Released: 2019-01-29

Railway carloadings, total tonnage

33.8 million tonnes

November 2018

7.2% increase

(12-month change)

The volume of rail freight carried in Canada totalled 33.8 million tonnes in November, up 7.2% from the same month a year earlier.

Chart 1  Chart 1: Railway carloadings, total tonnage shipped
Railway carloadings, total tonnage shipped

Freight originating in Canada rose 8.8% from the same month in 2017 to 30.8 million tonnes in November. Non-intermodal freight increased 9.6% to 337,000 carloads.
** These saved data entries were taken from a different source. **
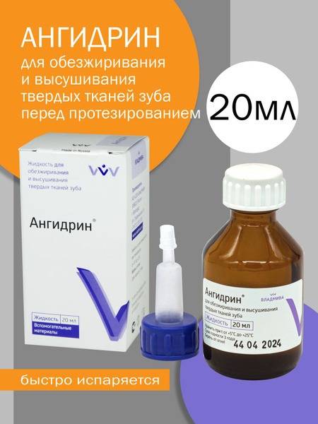Keywords: Angidrin, dental fluid, dehydration, degreasing, teeth, prosthetics, crowns, bonding, cement, sensitivity reduction, biocompatible, non-irritating, dental procedure, dental materials, pediatric dentistry, adult dentistry, 20ml, fast drying.
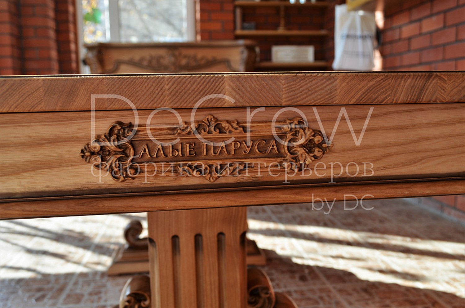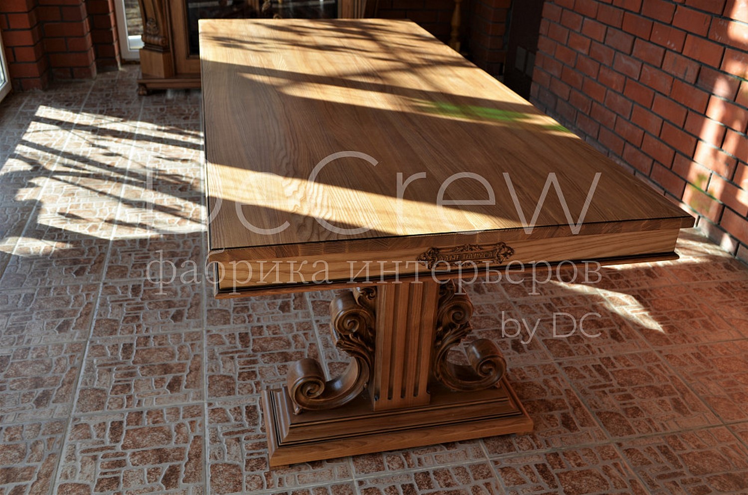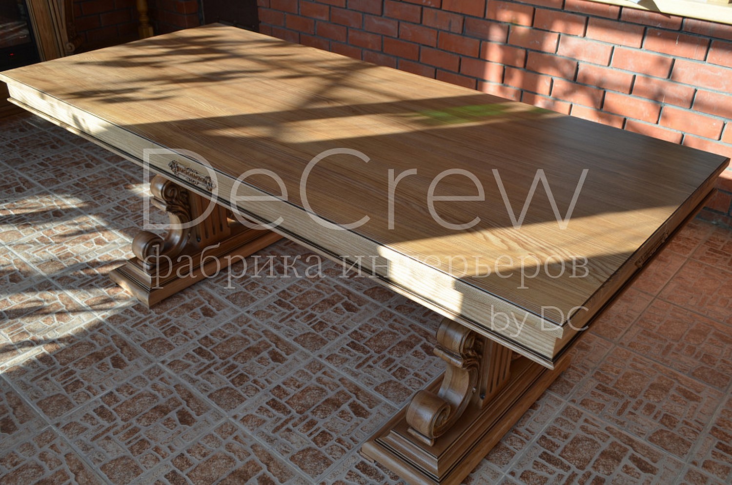 Сделан из массива ясеня. Предусмотрен вариант столешницы из шпонированного мдф в целях удешевления модели. Столы производятся различных размеров в зависимости от размеров помещения. Декоративные резные элементы стола могут стилизоваться под конкретный дизайн. Конструкция стола имеет запас прочности необходимый для общественного заведения.
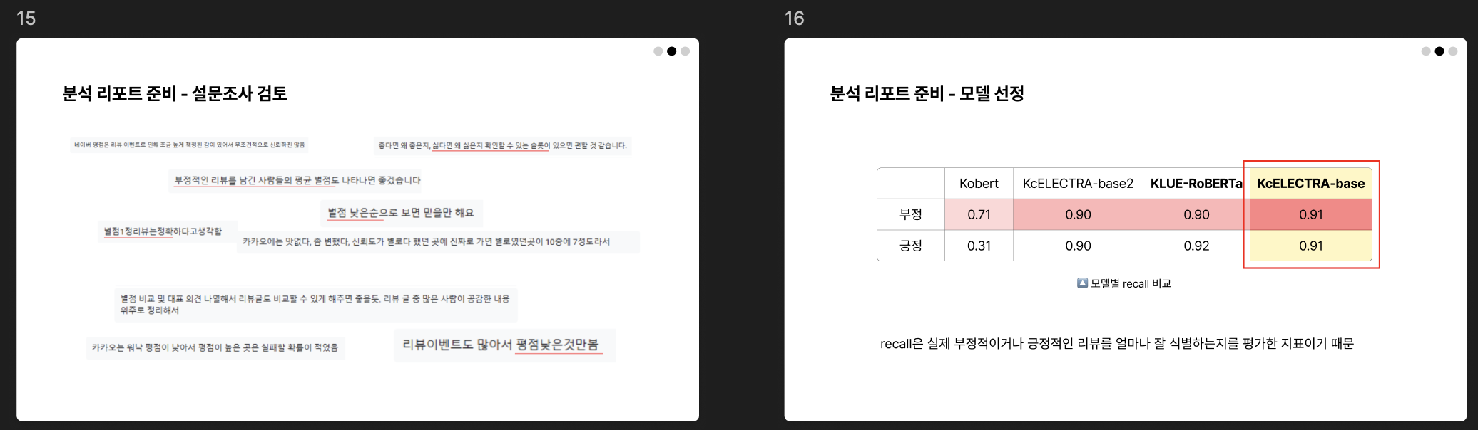유저리서치 기반으로 부정리뷰에 대한 니즈가 있었고, 비정형 데이터 분석 모델을 선정시, 부정리뷰를 잘 분석하는 녀석으로 선택했음
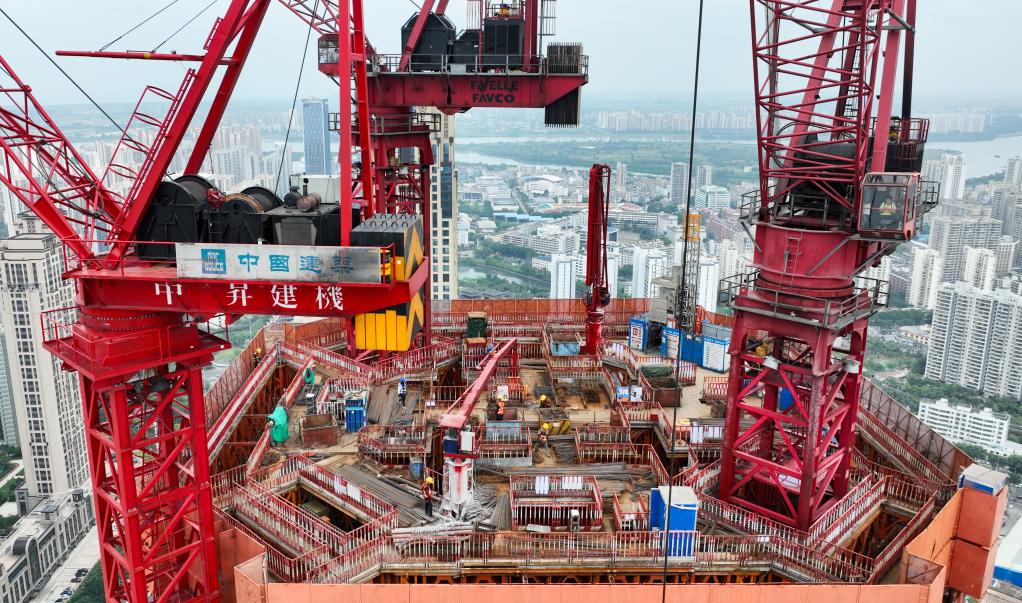 4月12日,工人在海口市海南中心項(xiàng)目施工作業(yè)(無(wú)人機(jī)照片)。新華社記者 楊冠宇 攝
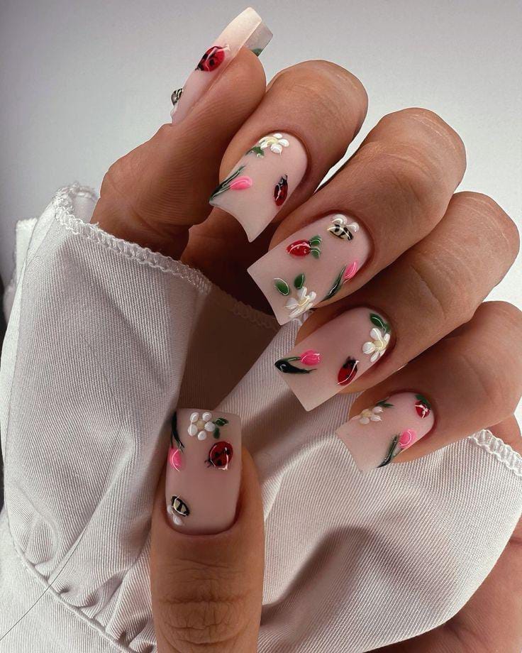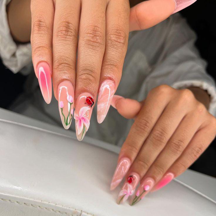 Soft pink tones with delicate floral accents and a tiny ladybug detail give these nails a fresh, feminine, and spring-inspired vibe.
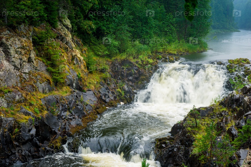 Водопад Кивач в заповеднике Карелии летом, Россия
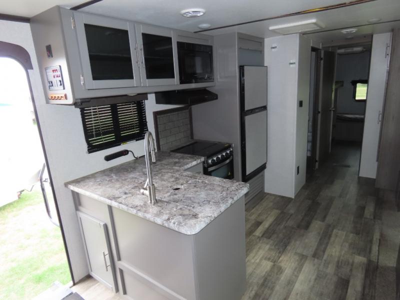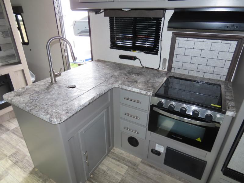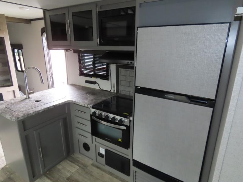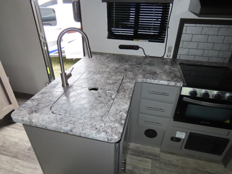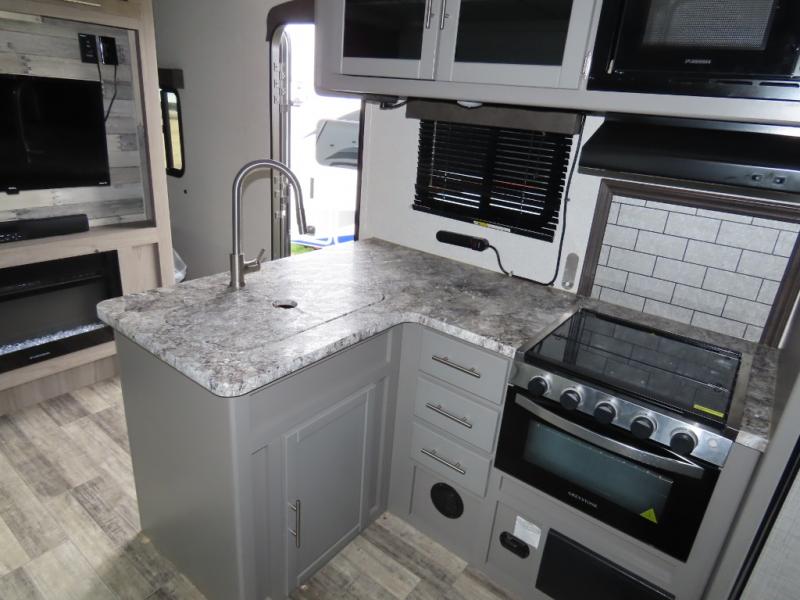 With each Volante travel trailer or fifth wheel by CrossRoads RV you will enjoy years of use and all-seasons camping with the fully enclosed and forced air heated underbelly. You'll appreciate USB ports for your tablet or phone, and each model features WiFi prep if you need to get some work done while away from home. These models include an XL 50/50 stainless sink in the kitchen, along with steel ball bearing drawer guides, and a 10.7 Cu. Ft. 12V refrigerator for all your perishables. The flush floor slide out in the living room with large dinette windows will provide a great view of the great outdoors, and you can jam to some tunes with the AM/FM Bluetooth sound bar. Take a look at the Volante today to find your favorite layout!

The amount of freight loaded into these cars rose 10.2% from November 2017 to 27.7 million tonnes.

In November, the commodities with the largest increase in tonnage compared with November 2017 were fuel oils and crude petroleum (+1 058 000 tonnes or +93.9%), coal (+591 000 tonnes or +24.0%), potash (+280 000 tonnes or +16.9%), other cereal grains (+224 000 tonnes or +48.7%) and fresh, chilled or dried vegetables (+204 000 tonnes or +153.2%).
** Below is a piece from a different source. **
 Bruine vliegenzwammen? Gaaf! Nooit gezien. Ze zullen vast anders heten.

Conversely, tonnages declined for other oil seeds, nuts and other agricultural products (-250 000 tonnes or -32.8%), iron ores and concentrates (-221 000 tonnes or -4.3%) and lumber (-59 000 tonnes or -6.2%).

Intermodal freight loadings rose 1.5% from November 2017 to 214,000 units. In terms of weight, intermodal traffic decreased 1.8% to 3.2 million tonnes.

Freight traffic received from the United States fell 7.5% to 3.0 million tonnes as a result of a 8.2% decrease in non-intermodal freight.

Chart 2  Chart 2: Railway carloadings, top commodities shipped
Railway carloadings, top commodities shipped

  Note to readers

The Monthly Railway Carloadings Survey collects data, including the number of rail cars, tonnage, units and 20-feet equivalent units, from railways operating in Canada that provide for-hire freight service.

Non-intermodal freight is cargo moved via box cars or loaded in bulk. Intermodal freight is cargo moved via containers and trailers on flat cars.

Data are available for Canada, the eastern division and the western division. For statistical purposes, cargo loadings from Thunder Bay, Ontario, to the Pacific Coast are classified to the western division, while loadings from Armstrong, Ontario, to the Atlantic Coast are classified to the eastern division.

Data in this release are not seasonally adjusted.